5.1 Shape of the array¶
## Creating an array
arr1 = np.arange(0,10)
arr2 = np.array(([1,2,3],[4,5,6],[7,8,9]))
arr1
array([0, 1, 2, 3, 4, 5, 6, 7, 8, 9])
arr2
array([[1, 2, 3], [4, 5, 6], [7, 8, 9]])
np.shape(arr1)
(10,)
np.shape(arr2)
(3, 3)
arr2.shape
(3, 3)
5.2 Shaping the Array¶
np.reshape(array_name, newshape=(rows, columns)
or array_name.reshape(rows, columns)
change the shape of the array. The rows and columns of the new shape has to comform with the existing data of the array. Otherwise, it won't work. Take an example, you can convert (3,3) array into (1,9) but you can't convert it into (5,5).
### arr1 is (10,)....10 rows, 1 column. Let's reshape it into (5,2)
np.reshape(arr1, newshape=(5,2))
array([[0, 1], [2, 3], [4, 5], [6, 7], [8, 9]])
## This would also work
arr1.reshape(5,2)
array([[0, 1], [2, 3], [4, 5], [6, 7], [8, 9]])
arr2_reshaped = arr2.reshape(9,1)
arr2_reshaped.T
array([[1, 2, 3, 4, 5, 6, 7, 8, 9]])
arr2_reshaped.reshape(3,3)
array([[1, 2, 3], [4, 5, 6], [7, 8, 9]])
## np.resize can also be used to change the shape of the array into a specific size
np.resize(arr2, (1,9))
array([[1, 2, 3, 4, 5, 6, 7, 8, 9]])
5.3 Copying array¶
arr1 = np.arange(0,10)
arr1
array([0, 1, 2, 3, 4, 5, 6, 7, 8, 9])
arr1_copy = arr1.copy()
arr1_copy
array([0, 1, 2, 3, 4, 5, 6, 7, 8, 9])
## Copying the values of one array into the other
## Let's copy array 2 into 1 --they have the same shape
arr1 = np.arange(0,6)
arr2 = np.arange(6,12)
## arr1 is destination, arr2 is source
np.copyto(arr1, arr2)
arr1
array([ 6, 7, 8, 9, 10, 11])
5.4 Joining arrays¶
### Creating two arrays
arr1 = np.array([[1,2,3],[4,5,6],[7,8,9]])
arr2 = np.array([[10,11,12]])
## Joining them
np.concatenate((arr1, arr2))
array([[ 1, 2, 3], [ 4, 5, 6], [ 7, 8, 9], [10, 11, 12]])
## Transposing arr2
## arr2.T is transpose operation
np.concatenate((arr1, arr2.T), axis=1)
array([[ 1, 2, 3, 10], [ 4, 5, 6, 11], [ 7, 8, 9, 12]])
### Setting axis to none flatten the array
np.concatenate((arr1, arr2), axis=None)
array([ 1, 2, 3, 4, 5, 6, 7, 8, 9, 10, 11, 12])

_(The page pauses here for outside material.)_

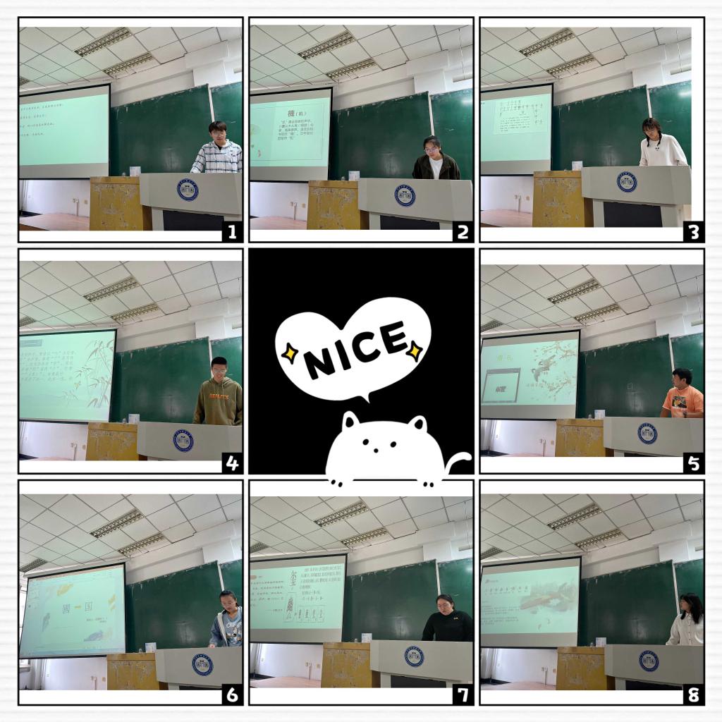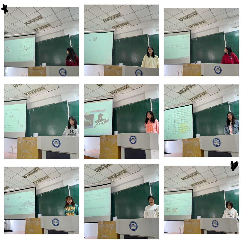 本次活动主要以演讲分享的方式展开,同学们选取自己感兴趣的汉字,以PPT为载体,分别从造字法、字形字义演变、文化思想等方面进行讲解。同学们或是选择自己姓氏或名字中的某个字,如“刘”“周”“义”;或是选择与自己生活密切相关的字,如教师的“教”、节日的“节”;或是选择文化意义深厚的“书”“画”“玺”“礼”“喜”等字。大家从汉字演变过程出发,说文解字,使汉字活起来;以汉字实义结尾,本义引申,使汉字静下来。“有思想的汉字”让课堂上不时爆发出欢快的笑声和恍然大悟的惊呼。高方教授则见缝插针,对个别分享内容进行更正或是进一步补充说明,丰富了同学们对汉字语义、语用和意蕴的认识。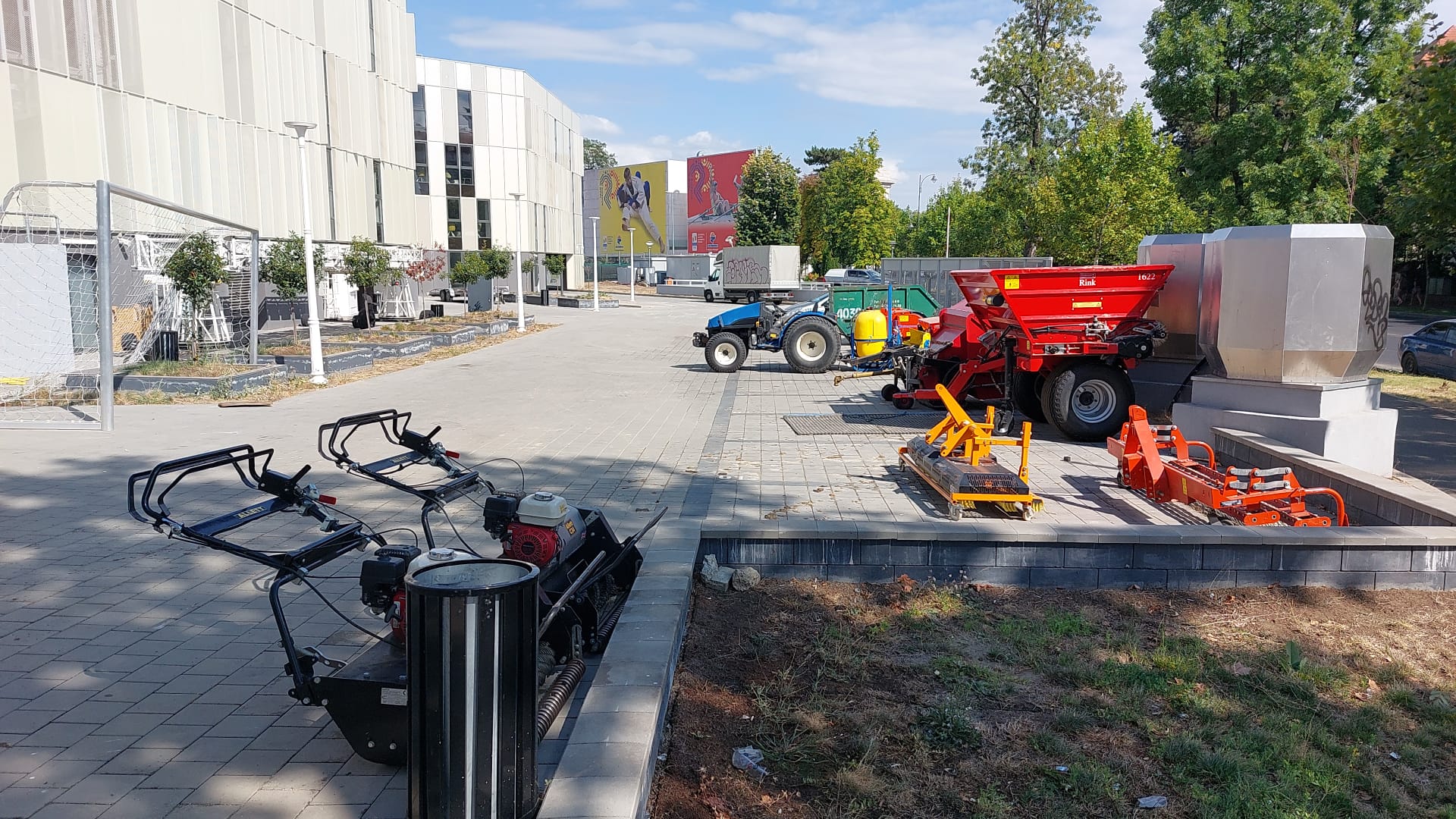 Mai mult, în jurul stadionului, mai exact în parcarea media, există utilaje, dar acestea par mai degrabă pentru întreținere decât pentru schimbarea gazonului.

### Joining two 1Ds array into 2D array: Stacking
# Column stacking
arr1 = np.arange(0,6)
arr2 = np.arange(6,12)
np.column_stack((arr1, arr2))
array([[ 0, 6], [ 1, 7], [ 2, 8], [ 3, 9], [ 4, 10], [ 5, 11]])
## Row stacking
np.row_stack((arr1, arr2))
array([[ 0, 1, 2, 3, 4, 5], [ 6, 7, 8, 9, 10, 11]])
5.5 Splitting arrays¶
arr1 = np.arange(0,6)
arr1
array([0, 1, 2, 3, 4, 5])
### Splitting the array into two arrays
np.split(arr1, 2)
[array([0, 1, 2]), array([3, 4, 5])]
### Splitting the array into three arrays
np.split(arr1, 3)
[array([0, 1]), array([2, 3]), array([4, 5])]
5.6 Adding and repeating elements in an array¶
arr1 = np.arange(0,6)
arr1
array([0, 1, 2, 3, 4, 5])
## Adding the values at the end of the array
np.append(arr1,7)
array([0, 1, 2, 3, 4, 5, 7])
### Given an array, can you add itself multiple times? or repeat it?
arr = np.array([[1,2,3]])
np.tile(arr, 3)
array([[1, 2, 3, 1, 2, 3, 1, 2, 3]])
np.repeat(arr,3)
array([1, 1, 1, 2, 2, 2, 3, 3, 3])
5.7 Sorting elements in an array¶
arr = np.array([[1,2,3,4,5,3,2,1,3,5,6,7,7,5,9,5]])
np.sort(arr)
array([[1, 1, 2, 2, 3, 3, 3, 4, 5, 5, 5, 5, 6, 7, 7, 9]])
## Finding the unique elements in an array
arr = np.array([[1,2,3,4,5,3,2,1,3,5,6,7,7,5,9,5]])
np.unique(arr)
array([1, 2, 3, 4, 5, 6, 7, 9])
5.8 Reversing an array¶
## You can also flip the array
arr = np.array([[1,2,3],[4,5,6],[7,8,9]])
arr
array([[1, 2, 3], [4, 5, 6], [7, 8, 9]])
## Up/down flipping
np.flipud(arr)
array([[7, 8, 9], [4, 5, 6], [1, 2, 3]])
## left/right flipping
np.fliplr(arr)
array([[3, 2, 1], [6, 5, 4], [9, 8, 7]])
That's it for NumPy. In this lab, you learned how to create an array, perform basic operations, and also how to manipulate an array.
In the next lab, we will learn about the Pandas, another important tool used for real world data manipulation.